* _Information shown_:
<<<<
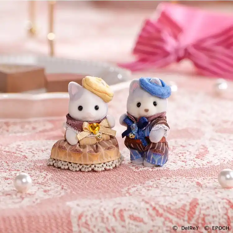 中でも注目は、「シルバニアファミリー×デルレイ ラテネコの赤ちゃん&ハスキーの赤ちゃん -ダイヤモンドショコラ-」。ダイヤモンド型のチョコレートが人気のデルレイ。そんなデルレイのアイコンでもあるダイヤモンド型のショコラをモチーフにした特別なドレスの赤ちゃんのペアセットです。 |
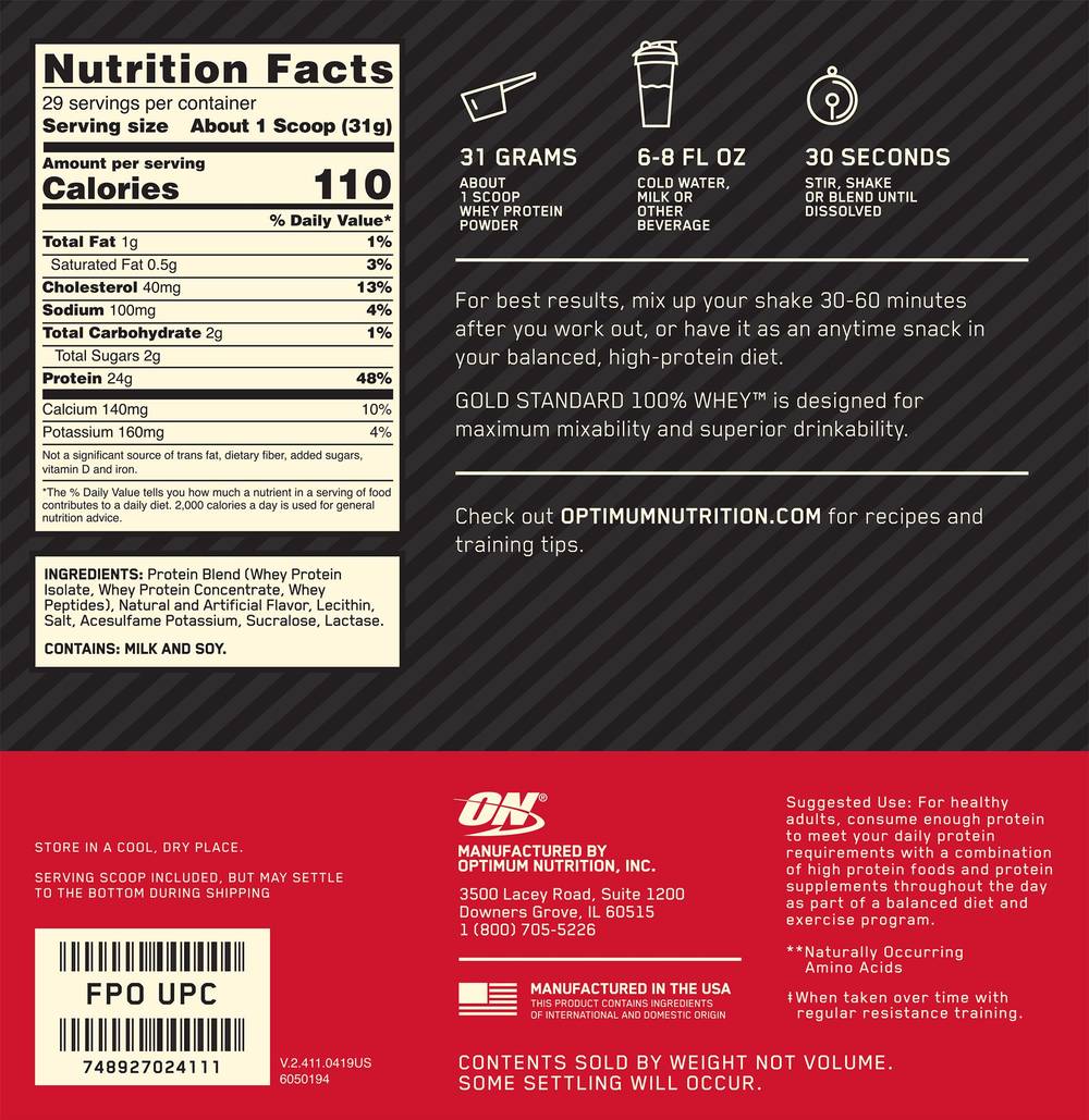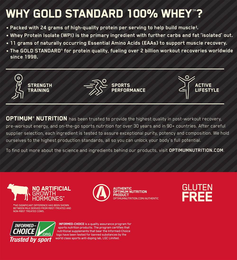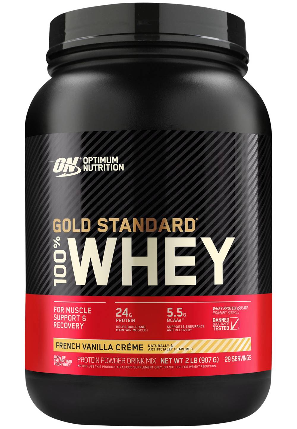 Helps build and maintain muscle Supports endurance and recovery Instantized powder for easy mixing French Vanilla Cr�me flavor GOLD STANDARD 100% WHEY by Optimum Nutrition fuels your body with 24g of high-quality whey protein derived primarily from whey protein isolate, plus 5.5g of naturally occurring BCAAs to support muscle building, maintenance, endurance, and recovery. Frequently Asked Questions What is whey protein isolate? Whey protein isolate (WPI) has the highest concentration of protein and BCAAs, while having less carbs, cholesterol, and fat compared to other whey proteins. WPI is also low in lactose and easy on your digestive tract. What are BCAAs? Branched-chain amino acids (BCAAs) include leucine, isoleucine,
>>>>
<<<<
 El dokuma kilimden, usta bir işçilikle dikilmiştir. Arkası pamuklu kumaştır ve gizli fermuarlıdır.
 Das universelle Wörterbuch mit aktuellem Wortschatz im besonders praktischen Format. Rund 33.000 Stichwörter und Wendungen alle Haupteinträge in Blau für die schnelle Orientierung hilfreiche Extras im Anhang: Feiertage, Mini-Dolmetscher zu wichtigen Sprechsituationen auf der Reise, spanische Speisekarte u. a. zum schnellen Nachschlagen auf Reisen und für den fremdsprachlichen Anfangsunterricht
>>>>
* _Exercise_: Using the entries above, return exactly the lines from the line with "El dokuma kilimden, usta" to the line with "Das universelle Wörterbuch", counting both of those lines.

* _Result_:
 El dokuma kilimden, usta bir işçilikle dikilmiştir. Arkası pamuklu kumaştır ve gizli fermuarlıdır.
 Das universelle Wörterbuch mit aktuellem Wortschatz im besonders praktischen Format. Rund 33.000 Stichwörter und Wendungen alle Haupteinträge in Blau für die schnelle Orientierung hilfreiche Extras im Anhang: Feiertage, Mini-Dolmetscher zu wichtigen Sprechsituationen auf der Reise, spanische Speisekarte u. a. zum schnellen Nachschlagen auf Reisen und für den fremdsprachlichen Anfangsunterricht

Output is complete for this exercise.